Para isso é necessário investirmos/ posicionarmo-nos de forma diferente, assumindo-nos, nós mesmo, cidadãos dos Estados-Membros da CPLP “embaixadores” para a promoção e internacionalização da LP. Se ao nível dos nossos países acreditarmos nas potencialidades da LP com os mais pequenos gestos, a promoção e o seu próprio desenvolvimento terão ritmos mais visíveis. Alguns aspetos que deveríamos corrigir seriam, por exemplo:
– Adotar o uso da LP nas reuniões, nas Organizações Internacionais. E este sinal a ser dado pelos governantes dos nossos Estados-Membros teria um efeito considerável, do ponto de vista positivo;
– “Preparar a LP” para se instalar, efetivamente, nas Organizações Internacionais. Por exemplo, investindo mais, por um lado, na formação de tradutores e intérpretes de e para o Português, criando-se bases terminológicas comuns;
– Usar a LP nas Conferências académicas, organizadas nos Estados-Membros a LP como primeira língua de trabalho;
Há um conjunto de “pequenos gestos” que podem marcar a diferença e promover a nossa língua com uma dimensão e força acrescidas.

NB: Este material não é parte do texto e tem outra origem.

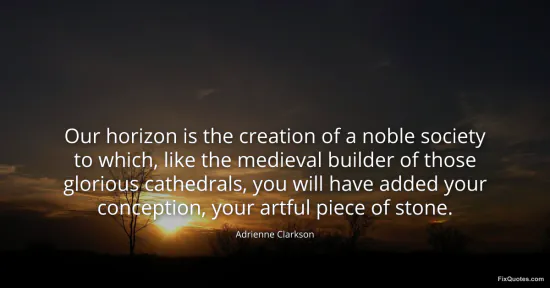 Clarkson, Adrienne. (2026, January 16). Our horizon is the creation of a noble society to which, like the medieval builder of those glorious cathedrals, you will have added your conception, your artful piece of stone. FixQuotes. https://fixquotes.com/quotes/our-horizon-is-the-creation-of-a-noble-society-to-118162/
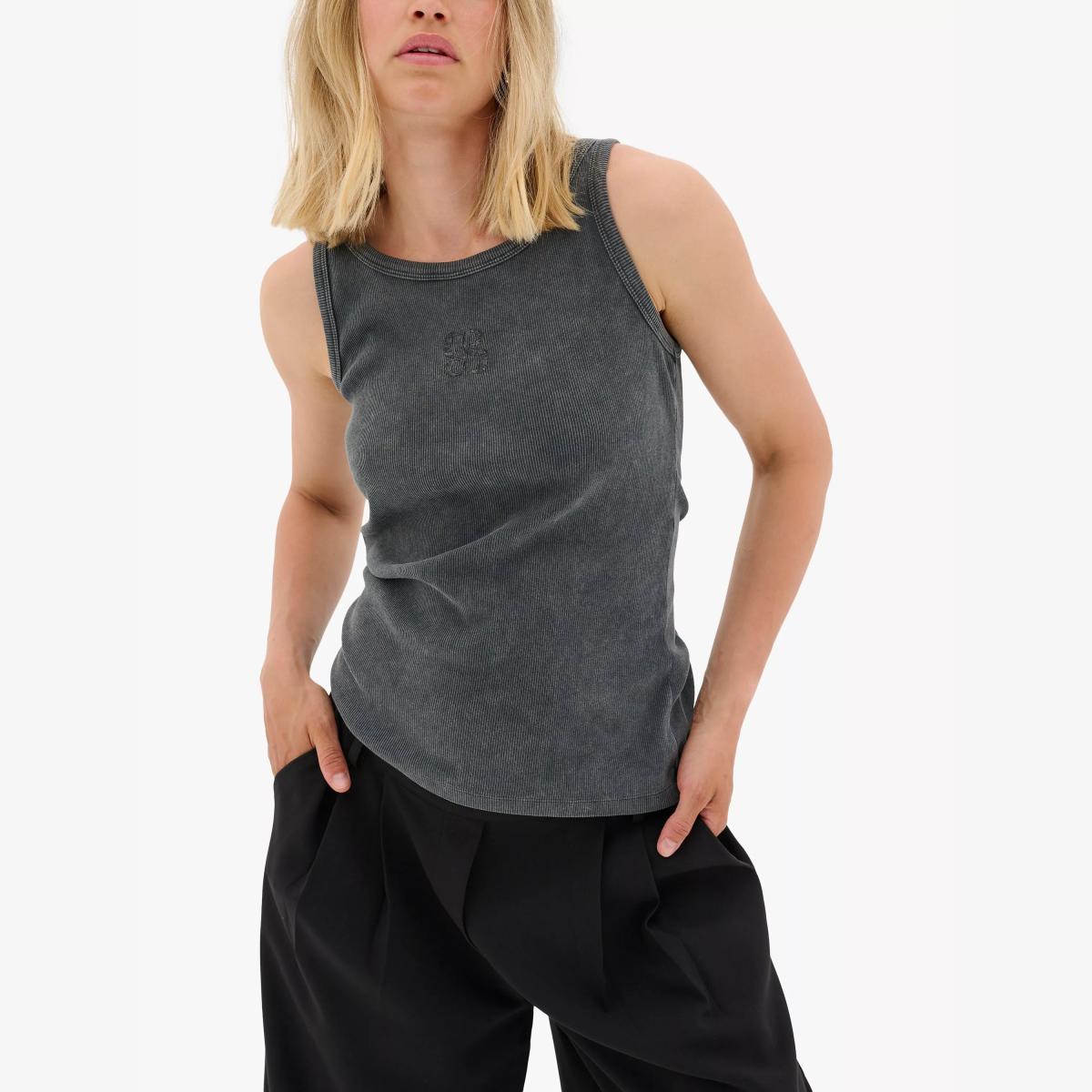 The Mandy tank top is a cool and simple top, that you can style in endless ways. It is sleeveless with a round neck, and it is made in a soft and stretchy rib jersey. The tank top is cut at the hips and has embroidery at the front.

Para si, onde está a grande ‘riqueza’ da Língua Portuguesa: na sua unificação ou na sua pluralidade?
A grande riqueza da LP está tanto na sua “unificação” (termo que pode suscitar interpretações ambíguas e até perigosas), mas também, na sua pluralidade. A LP é propriedade de tantos falantes, que ela é obrigatoriamente plural. É importante, por um lado, que tenha e mantenha níveis de unicidade elevados, pois estamos a falar de uma mesma língua; mas, é de uma riqueza impressionante ver a NOSSA língua com “sabores e cores” tão diferenciados, fruto dos vários percursos, dos seus atuais estágios de desenvolvimento; resultado da sua convivência com outras línguas e culturas tão diversificadas. Daí pensarmos que esta nossa língua tem uma dimensão verdadeiramente pluricêntrica.
Que sonoridade tem para si, a Língua Portuguesa?
Para mim, tem uma sonoridade imensamente rica e plural, marcada pelas nossas aproximações e pelas nossas diferenças, enquanto estados-Membros do grande universo que constitui a CPLP, mas também a sonoridade trazida por todos os outros seus falantes espalhados pelos quatro cantos e recantos do mundo.